Si tuviese que resumir el mensaje de la tradición judía en pocas líneas, diría que no alcanza con intentar ser una buena persona, sino con actuar acorde a la traducción de esas intenciones en acciones concretas, para primero ser seres con un proceder ético, dignificando nuestras conductas cotidianas, para hacer por último de este universo un lugar realmente diferente.
Es ahí donde los 10 mandamientos imprimen, en cada generación, una suerte de pacto con lo divino para mejorar la sociedad en la que vivimos, transformando Su palabra en un diálogo permanente.
Por otro lado ¿existen mandamientos más importantes unos que otros?

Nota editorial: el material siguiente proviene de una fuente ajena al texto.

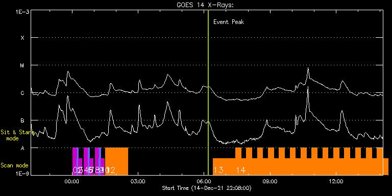 EIS Observation timeline overlay to GOES-Xray curve Code 1" 2" 40" 266" EIS Observations list for this event: STUDY ACRONYM ID DATE OBSERVED DESCRIPTION NOAA# TARGET 0 SK_DEEP_5x512_SLIT1 | 80124 | 2021/12/15 00:02:27 | EIS slot calibration study (west limb) | | Quiet Sun TIMELINE ID DATE OBSERVED FITS FILE XCEN (+W/-E) YCEN (+N/-S) DUR ----------------------------------------------------------------------------------------------------------------- 80124 | 2021/12/15 00:02:27.000 | eis_l0_20211215_000227.fits.gz | 987.69 | -305.50 | 10m7s 1 dei_qs_80_slot40 | 80125 | 2021/12/15 00:13:00 | EIS Slot Calibration Study (west limb) | | Quiet Sun TIMELINE ID DATE OBSERVED FITS FILE XCEN (+W/-E) YCEN (+N/-S) DUR ----------------------------------------------------------------------------------------------------------------- 80125 | 2021/12/15 00:13:00.000 | eis_l0_20211215_001300.fits.gz | 950.25 | -305.65 | 1m2s 80125 | 2021/12/15 00:14:08.000 | eis_l0_20211215_001408.fits.gz | 950.10 | -305.42 | 1m1s 2 dei_qs_80_slot40 | 80126 | 2021/12/15 00:15:15 | EIS Slot Calibration Study (west limb) | | Quiet Sun TIMELINE ID DATE OBSERVED FITS FILE XCEN (+W/-E) YCEN (+N/-S) DUR ----------------------------------------------------------------------------------------------------------------- 80126 | 2021/12/15 00:15:15.000 | eis_l0_20211215_001515.fits.gz | 950.10 | 205.58 | 1m2s 80126 | 2021/12/15 00:16:23.000 | eis_l0_20211215_001623.fits.gz | 950.17 | 205.58 | 1m2s 3 SK_DEEP_5x512_SLIT1 | 80127 | 2021/12/15 00:17:36 | EIS Slot Calibration Study (west limb) | | Quiet Sun TIMELINE ID DATE OBSERVED FITS FILE XCEN (+W/-E) YCEN (+N/-S) DUR ----------------------------------------------------------------------------------------------------------------- 80127 | 2021/12/15 00:17:36.000 | eis_l0_20211215_001736.fits.gz | 987.69 | 205.50 | 10m8s 4 SK_DEEP_5x512_SLIT1 | 80128 | 2021/12/15 00:32:40 | EIS slot calibration study (west limb) | | Quiet Sun TIMELINE ID DATE OBSERVED FITS FILE XCEN (+W/-E) YCEN (+N/-S) DUR ----------------------------------------------------------------------------------------------------------------- 80128 | 2021/12/15 00:32:40.000 | eis_l0_20211215_003240.fits.gz | 1017.57 | -305.35 | 10m8s 5 dei_qs_80_slot40 | 80129 | 2021/12/15 00:43:13 | EIS Slot Calibration Study (west limb) | | Quiet Sun TIMELINE ID DATE OBSERVED FITS FILE XCEN (+W/-E) YCEN (+N/-S) DUR ----------------------------------------------------------------------------------------------------------------- 80129 | 2021/12/15 00:43:13.000 | eis_l0_20211215_004313.fits.gz | 980.21 | -305.50 | 1m2s 80129 | 2021/12/15 00:44:21.000 | eis_l0_20211215_004421.fits.gz | 980.21 | -305.50 | 1m2s 6 dei_qs_80_slot40 | 80130 | 2021/12/15 00:45:29 | EIS Slot Calibration Study (west limb) | | Quiet Sun TIMELINE ID DATE OBSERVED FITS FILE XCEN (+W/-E) YCEN (+N/-S) DUR ----------------------------------------------------------------------------------------------------------------- 80130 | 2021/12/15 00:45:29.000 | eis_l0_20211215_004529.fits.gz | 980.21 | 205.35 | 1m2s 80130 | 2021/12/15 00:46:36.000 | eis_l0_20211215_004636.fits.gz | 980.13 | 205.50 | 1m2s 7 SK_DEEP_5x512_SLIT1 | 80131 | 2021/12/15 00:47:50 | EIS Slot Calibration Study (west limb) | | Quiet Sun TIMELINE ID DATE OBSERVED FITS FILE XCEN (+W/-E) YCEN (+N/-S) DUR ----------------------------------------------------------------------------------------------------------------- 80131 | 2021/12/15 00:47:50.000 | eis_l0_20211215_004750.fits.gz | 1017.57 | 205.50 | 10m8s 8 SK_DEEP_5x512_SLIT1 | 80136 | 2021/12/15 01:02:40 | EIS slot calibration study (west limb) | | Quiet Sun TIMELINE ID DATE OBSERVED FITS FILE XCEN (+W/-E) YCEN (+N/-S) DUR ----------------------------------------------------------------------------------------------------------------- 80136 | 2021/12/15 01:02:40.000 | eis_l0_20211215_010240.fits.gz | 1047.60 | -305.42 | 10m8s 9 dei_qs_80_slot40 | 80137 | 2021/12/15 01:13:14 | EIS Slot Calibration Study (west limb) | | Quiet Sun TIMELINE ID DATE OBSERVED FITS FILE XCEN (+W/-E) YCEN (+N/-S) DUR ----------------------------------------------------------------------------------------------------------------- 80137 | 2021/12/15 01:13:14.000 | eis_l0_20211215_011314.fits.gz | 1010.16 | -305.35 | 1m2s 80137 | 2021/12/15 01:14:21.000 | eis_l0_20211215_011421.fits.gz | 1010.08 | -305.42 | 1m2s 10 dei_qs_80_slot40 | 80138 | 2021/12/15 01:15:56 | EIS Slot Calibration Study (west limb) | | Quiet Sun TIMELINE ID DATE OBSERVED FITS FILE XCEN (+W/-E) YCEN (+N/-S) DUR ----------------------------------------------------------------------------------------------------------------- 80138 | 2021/12/15 01:15:56.000 | eis_l0_20211215_011556.fits.gz | 1010.16 | 205.58 | 1m2s 80138 | 2021/12/15 01:17:03.000 | eis_l0_20211215_011703.fits.gz | 1010.16 | 205.50 | 1m2s 11 SK_DEEP_5x512_SLIT1 | 80139 | 2021/12/15 01:18:17 | EIS Slot Calibration Study (west limb) | | Quiet Sun TIMELINE ID DATE OBSERVED FITS FILE XCEN (+W/-E) YCEN (+N/-S) DUR ----------------------------------------------------------------------------------------------------------------- 80139 | 2021/12/15 01:18:17.000 | eis_l0_20211215_011817.fits.gz | 1047.52 | 205.65 | 10m8s 12 dhb_atlas_120m_30" | 80145 | 2021/12/15 01:31:26 | Spectral atlas (off-limb, quiet Sun) | | Quiet Sun TIMELINE ID DATE OBSERVED FITS FILE XCEN (+W/-E) YCEN (+N/-S) DUR ----------------------------------------------------------------------------------------------------------------- 80145 | 2021/12/15 01:31:26.000 | eis_l0_20211215_013126.fits.gz | 1017.08 | 36.58 | 1h0m49s 13 HPW021VEL260x512v2 | 80148 | 2021/12/15 06:25:13 | Active region studies | 2907 | Active Region TIMELINE ID DATE OBSERVED FITS FILE XCEN (+W/-E) YCEN (+N/-S) DUR ----------------------------------------------------------------------------------------------------------------- 80148 | 2021/12/15 06:25:13.000 | eis_l0_20211215_062513.fits.gz | -670.98 | -349.35 | 1h0m45s 14 ar_evolu

Fíjense que interesante: mientras hoy consideraríamos que los más relevantes son "no robar" y "no matar", vale la pena comentar que los intérpretes bíblicos de la edad media destacaban por sobre todos el de "honrarás al padre y a la madre", ya que en la imagen de nuestros progenitores está instalada la aspiración divina de brindar vida, honrando profundamente nuestro origen, es decir nuestro pasado, para reconocer los errores y emular los aciertos.
Relatan los sabios que en el Sinaí, antes de otorgarle Dios las tablas de la Ley al pueblo de Israel, le exigió una garantía para tal entrega.
Cielo y tierra – respondió Moisés–, y Dios no aceptó. Los ríos y mares, añadió Moisés, y Dios lo rechazó.
Hasta que finalmente dijo: ¡Los niños! Y ahí el Creador con regocijo proveyó el legado.
Paradójicamente si la síntesis de los 10 mandamientos es la honra a los padres, son nuestros hijos la garantía para que la palabra de Dios pueda ser dada, efectivamente, como cimientos en la edificación de un mundo mejor.